CRA rules that a s. 85(1)(e.2) does not apply to transfers of property at less than FMV to sister corps
Two sister Canadian subsidiaries (Subco 2 and Subco 3) of Canadian parent (Parent) wish to consolidate ownership of their two foreign affiliate subsidiaries (FA 1 and FA 2) in another newly-formed subsidiary of Parent (Can Holdco – which already has acquired ownership of a portion of FA 2 from Parent). Accordingly, they transfer their FA shares to Can Holdco (their sister) on a purported s. 85 rollover basis in consideration for Can Holdco prefs with a fair market value equal to the ACB of the transferred shares (rather than their higher FMV).

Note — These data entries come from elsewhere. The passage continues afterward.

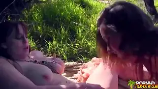 Две пошлые лесбиянки решили устроить горячий секс на природе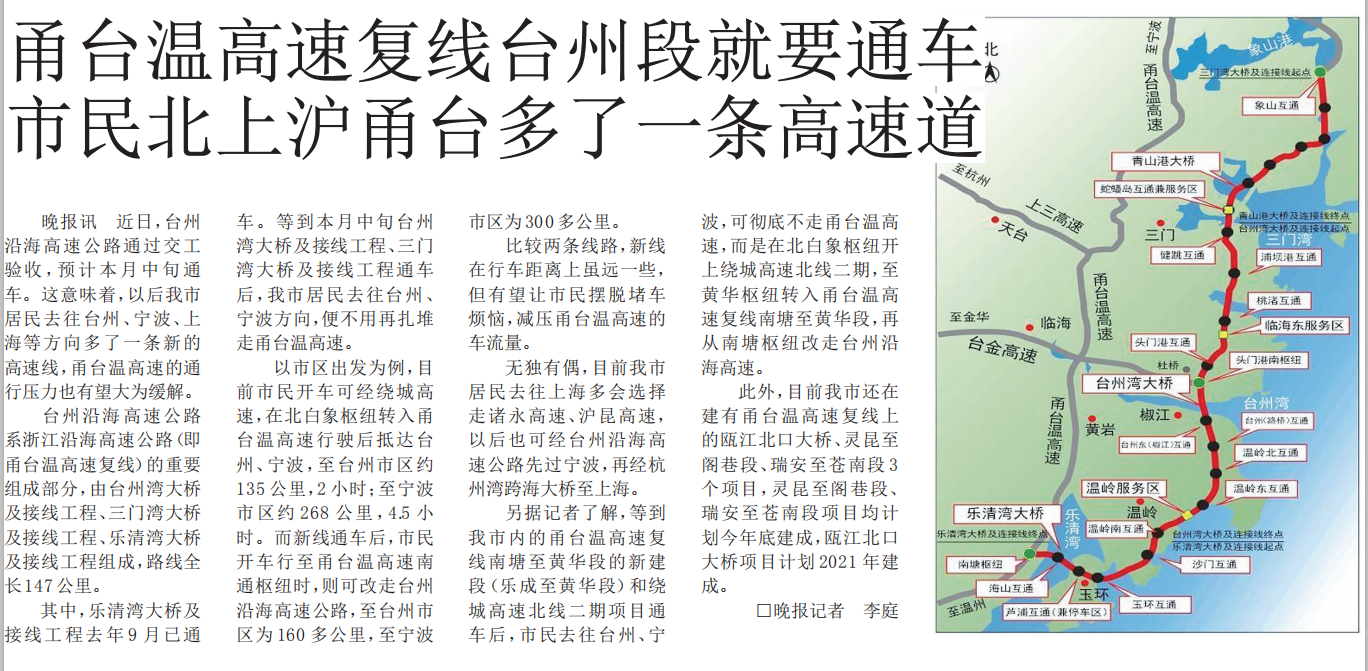 甬台温高速复线台州段本月中旬将通车——此去沪甬台多了一高速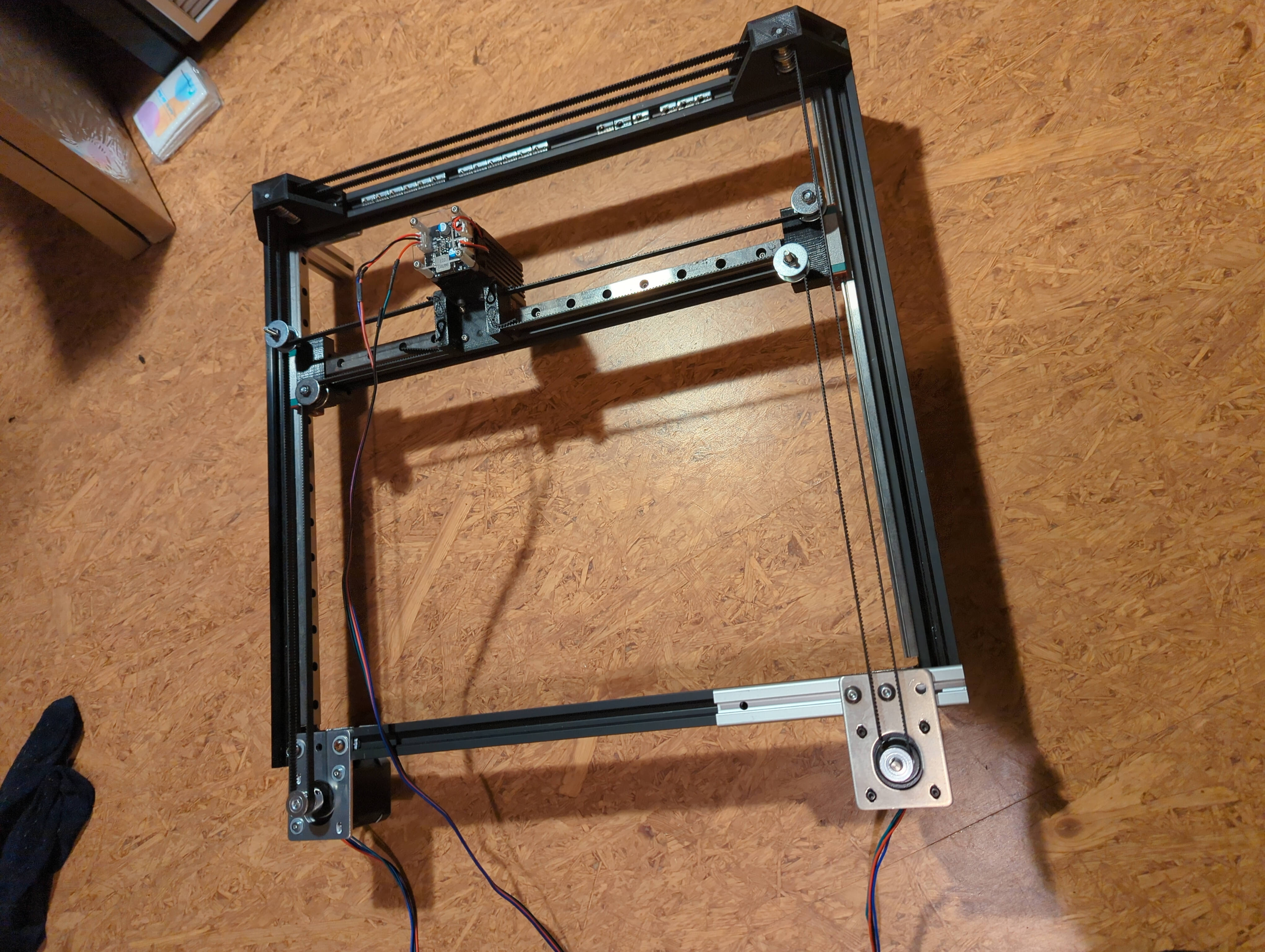 The Retina Remover 9000 was a school project for which a friend and I designed and built a laser engraver from scratch. It uses a 2W china 450nm diode laser source with FluidNC Firmware and a CoreXY motion system to burn decorative patterns into wood, cardboard, plastic and more.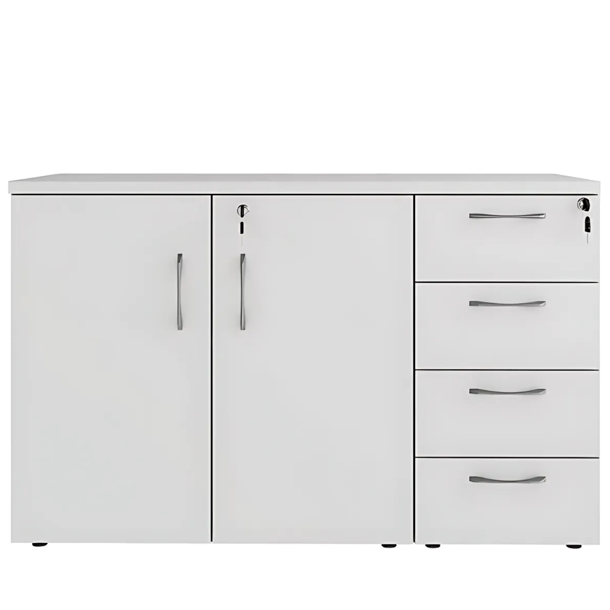 Ideal para ambientes corporativos que exigem praticidade e organização, este balcão oferece amplo espaço para armazenar documentos e materiais de uso diário com total segurança. Sua estrutura resistente garante durabilidade, enquanto o design versátil harmoniza com diferentes estilos de mobiliário, trazendo elegância e eficiência ao espaço de trabalho.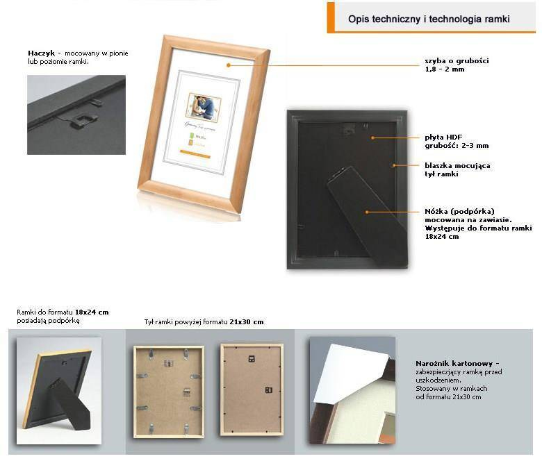 - Blaszki mocujące: miękkie blaszki mocujące tył ramki, zapewniają możliwość wielokrotnego otwierania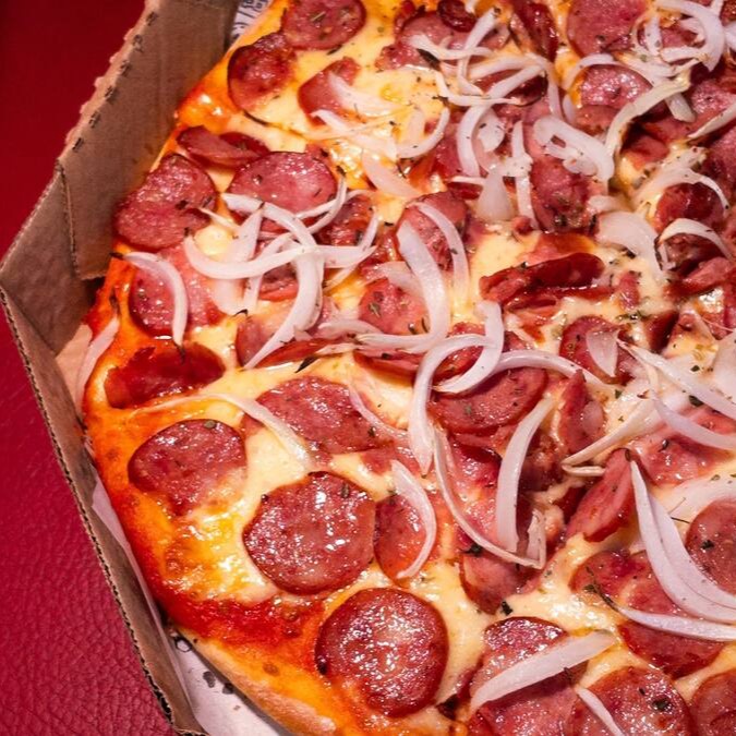 Calabresa com uma deliciosa camada de mussarela, cebola e orégano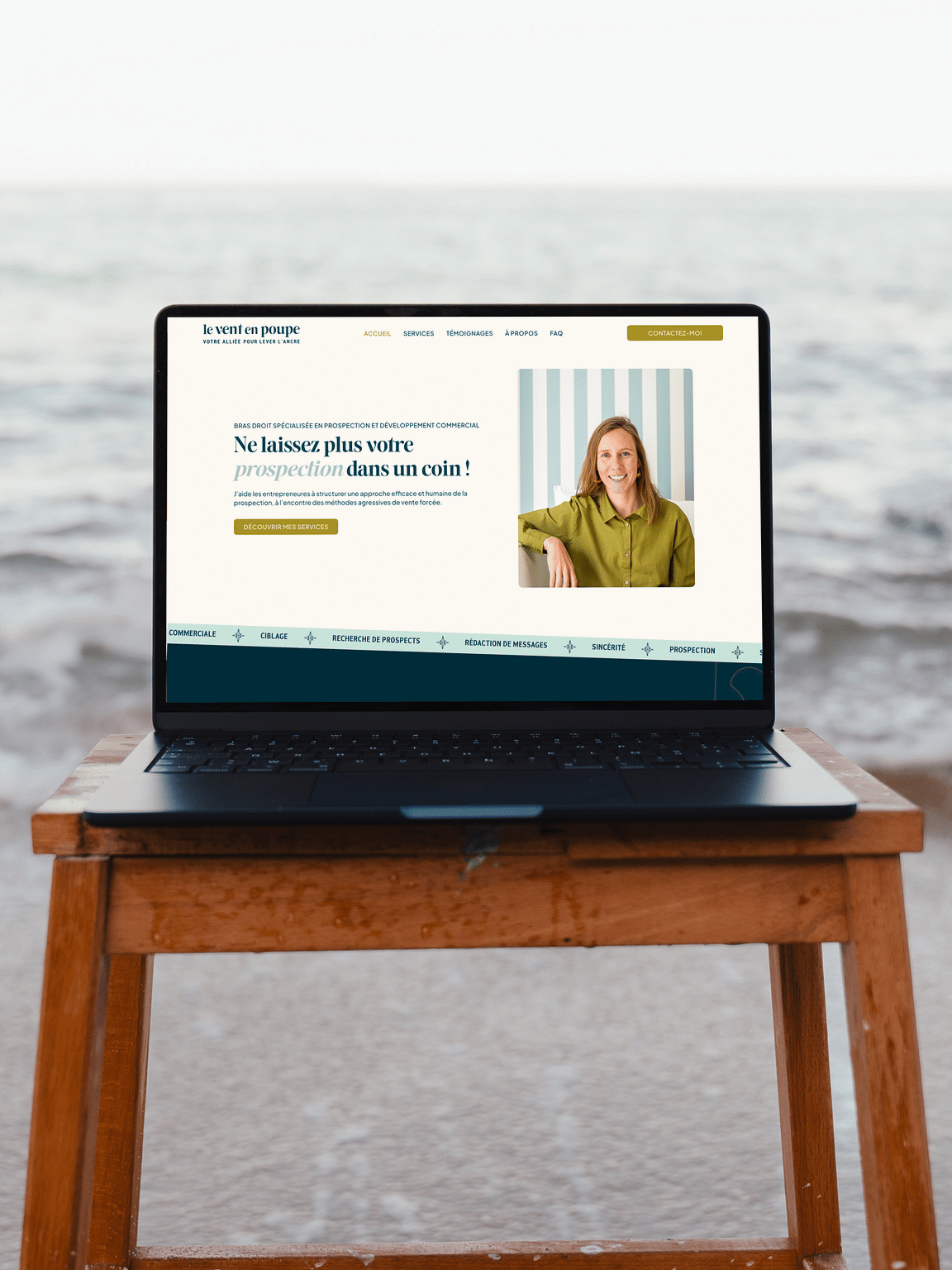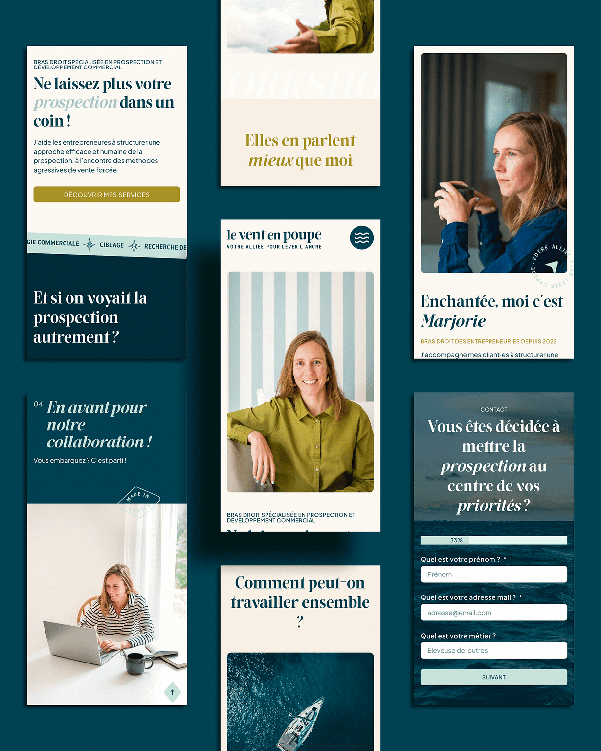 Marjorie est bras droit spécialisée en prospection et développement commercial. Elle aide les entrepreneures à structurer une approche efficace et humaine, loin des méthodes agressives. Pour soutenir son activité, elle avait besoin d’un site simple mais impactant : une vitrine claire, professionnelle et alignée avec son univers marin créé par Lise de Studio La Juria. Nous avons donc conçu un site one page, suffisant pour présenter son positionnement, ses offres et inspirer confiance dès la première visite.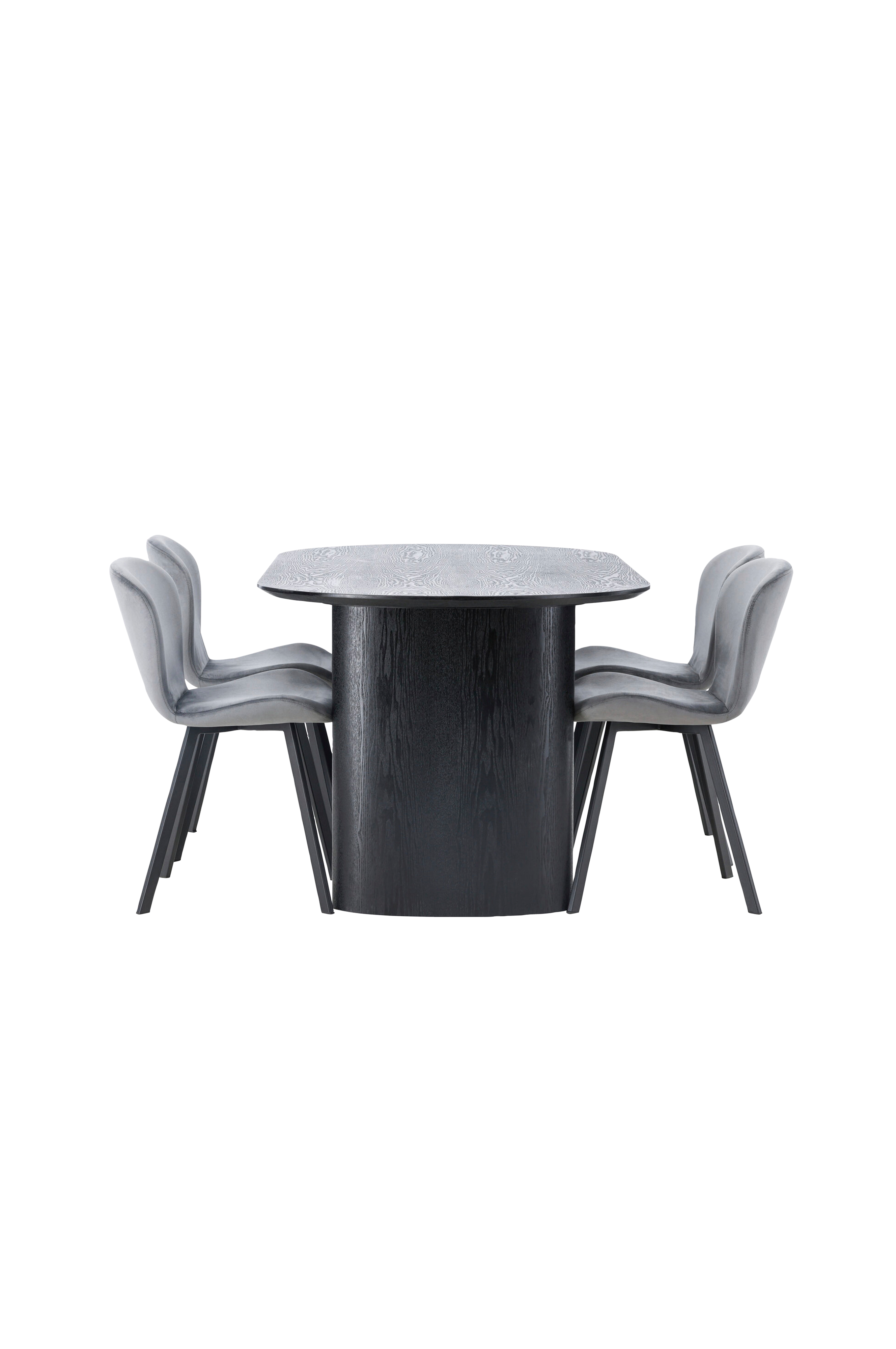 En behagelig farvekombination! Det ovale spisebord Isolde i stilfuld farve har et moderne design med en oval bordplade i MDF og robust stel, der giver et solidt indtryk. Det levende materiale giver smagfuld bevægelse til blikfanget. Her i en vidunderlig kombination med stole fra Lilja-serien. Stolen har et fleksibelt rundt design med sæde i polyesterstof og let udstrakte stoleben i metal. Møblér dagligstuen hyggeligt!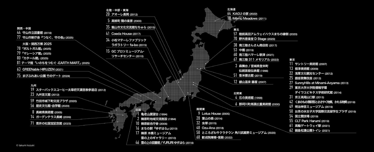 建築家/東京大学特別教授・名誉教授1954年神奈川県生まれ。東京大学卒業後、コロンビア大学研究員を経て、1990年隈研吾建築都市設計事務所を設立。主な作品に「森舞台/宮城県登米町伝統芸能伝承館」「那珂川町馬頭広重美術館」「アオーレ長岡」「ブザンソン芸術文化センター」「国立競技場」「Odunpazarı Modern Museum」「中橋」「青井の杜国宝記念館」「UCCA陶美術館」など。著書に「10宅論」(ちくま文庫)、「負ける建築」(岩波文庫)、「小さな建築」「自然な建築」「日本の建築」(以上、岩波新書)、「建築家になりたい君へ」(河出書房新社)など。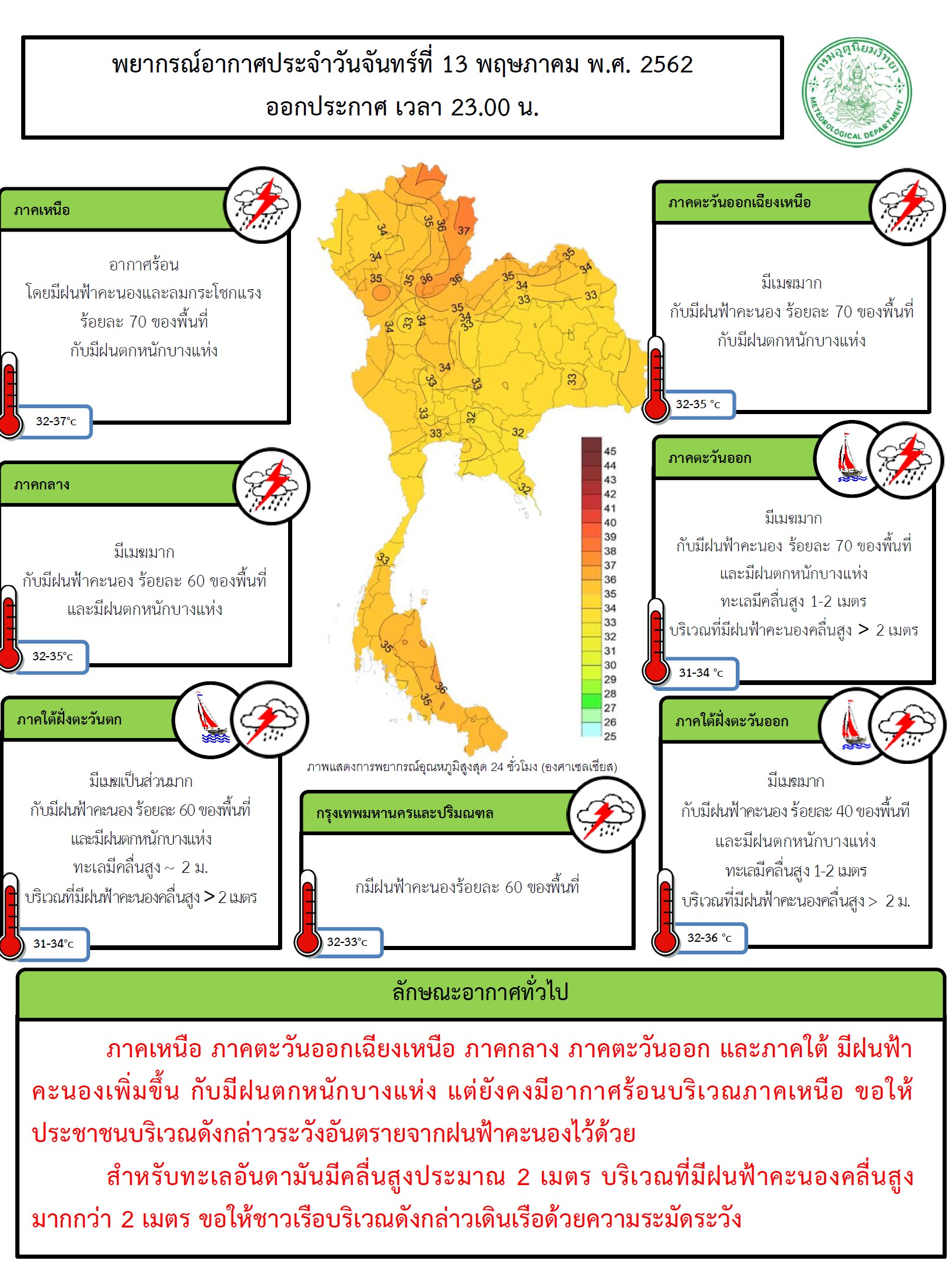 - ภาคเหนือ ภาคตะวันออกเฉียงเหนือ ภาคกลาง ภาคตะวันออก และภาคใต้ ยังคงมีฝนฟ้าคะนองกับมีฝนตกหนักบางแห่ง แต่ยังคงมีอากาศร้อนบริเวณภาคเหนือ ขอให้ประชาชนบริเวณดังกล่าวระวังอันตรายจากฝนฟ้าคะนองไว้ด้วย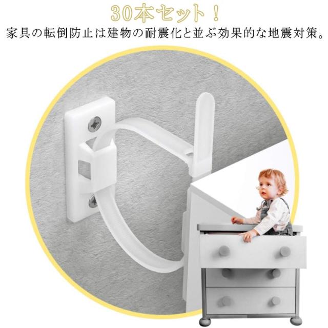 30本セット!家具 転倒防止 地震対策 防炎対策 耐震ベルト 耐震ストッパー 耐震グッズ 落下防止ベルト 子供 安全 ストラップ 家具ストラップ 家具アンカー ウォールアンカー ベビープルーフ 防災グッズ テレビ パソコン 冷蔵庫 本棚 キャビネット ドレッサー 長さ調整

Can Holdco then redeems the prefs with cash subscriptions received from Parent and the redemption proceeds received by Subco 2 and 3 are distributed as PUC distributions back to Parent.
The effect of doing the FA transfers at ACB rather than FMV is to reduce the basis reduction to Parent’s investments in Subco 2 and 3, which have other important assets. CRA ruled that s. 85(1)(e.2) (and s. 15(1)) would not apply, stating that it would not be reasonable to regard any part of the excess of the FMV of the transferred shares over their ACB "as a benefit that Subco 2 or Subco 3 desired to have conferred on a person related to [them]." This sounds right - as the prefs are vapourized, the cash is completely circled and Parent retains its 100% indirect ownership of the FAs. However, it took CRA three years to so conclude.
Neal Armstrong. Summary of 2014 Ruling 2011-0415811R3 under s. 85(1)(e.2).